After he became Defense Minister in 1967, Grechko presided over the program of rapid diversification and modernization that catapulted Soviet forces into a situation of overall near parity with the U.S. He reorganized the officer corps, introduced advanced technology to the armored forces, and successfully tested new conventional weapons --notably air defense missiles--in the Middle East and Southeast Asia. Probably the Grechko achievement that worried Western commanders most was the strengthening and integration of Warsaw Pact forces.

Grechko Fresco. In Western capitals, the bear-size Grechko (6 ft. 2 in., 220 lbs.) was usually regarded as an archfoe of detente and disarmament. Although his precise role in the 1968 Soviet invasion of Czechoslovakia has long been a matter of debate, many East Europeans are persuaded that he played a decisive part. Grechko apparently argued that Czech Party Chief Alexander Dubcek's political liberalization program was unacceptable from Moscow's point of view and that only a military intervention would keep the country in the Communist orbit. Even today the bullet-riddled fac,ade of Prague's National Museum is known among Czechs as a "fresco `a la Grechko."

But many analysts of Soviet affairs believe that later, Grechko--bending with the diplomatic winds--did not oppose a relaxation of tensions with the West. In 1973, when detente had begun in earnest, Grechko was brought into the Politburo by Party Boss Leonid Brezhnev--a rare honor for any military man. Grechko's appointment was probably intended to reassure Moscow's hawkish factions, but observers believe that Grechko was all along a strong supporter of Brezhnev's policies, including detente.

Grechko's 56-year career in uniform spanned the military history of the Soviet Union. Born to a peasant family in southern Russia, he joined the Red Army at age 16, during the bloody civil wars that followed the Bolshevik Revolution of 1917. He remained in the army, survived Stalin's purges of the military hierarchy in the 1930s and rose to colonel general by the end of World War II. One wartime acquaintance, Nikita Khrushchev, later recalled joking about Grechko's imposing physical stature. "Comrade General," Khrushchev quipped, "please stand back so I can look you in the eye." In 1953, after Khrushchev came to power, Grechko assumed the key post of commander of Soviet forces in East Germany, where he helped put down an anti-Soviet uprising. He easily survived the 1964 ouster of Khrushchev, in part because Khrushchev's successor, Brezhnev, was another wartime associate. A marshal by 1955, Grechko became commander in chief of the Warsaw Pact forces before taking over as Defense Minister.
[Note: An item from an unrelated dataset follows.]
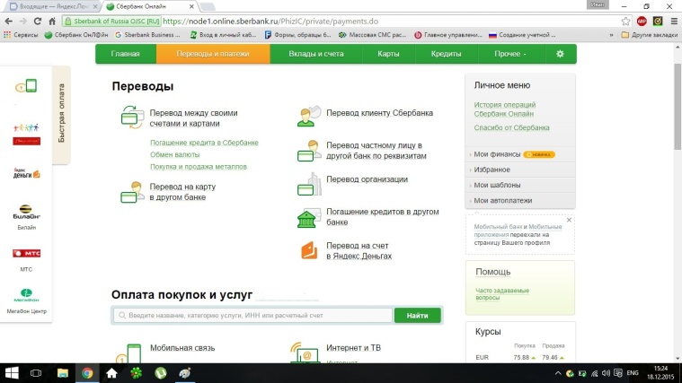 3. На сайте СберБанка Онлайн заходим в личный кабинет, далее находим кнопку Платежи и переводы и нажимаем

Tough Guy. No sooner were Grechko's remains deposited in the Kremlin wall than his successor was announced: Dmitri Ustinov, 67, a Politburo member who for some 35 years has been in charge of Russia's armaments industry. Ustinov's appointment surprised Western Kremlinologists, most of whom predicted that Warsaw Pact Commander Ivan Yakubovsky would get the job. Ustinov is the first civilian to head the Soviet military since Leon Trotsky was named Defense Minister in 1918 ("An unhappy precedent," quipped one analyst). The choice of Ustinov, a skilled technocrat, as Defense Minister may reflect Moscow's desire for greater efficiency in the country's mammoth defense establishment.
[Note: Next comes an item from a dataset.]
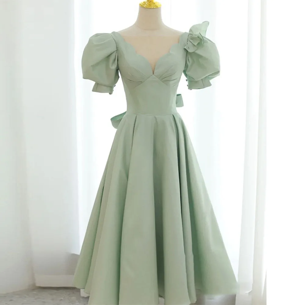 Платье женское вечернее ТРАПЕЦИЕВИДНОЕ с V-образным вырезом и коротким рукавом-фонариком

Certainly no Soviet leader has had more experience than Ustinov in dealing with vast, complex bureaucracies. Born to a working-class family in Samara (now Kuibyshev) in southern Russia, he was Stalin's Commissar of Armaments for most of World War II and, almost ever since, has been czar of the Soviet's military-industrial complex. Ustinov is described by one Western military attache as "a bright, tough guy." He favors heavy military spending and accelerated technological development. In short, he will almost certainly prove a persistent adherent to the main goal established by Grechko: to make the Soviet Union militarily the most powerful nation on earth.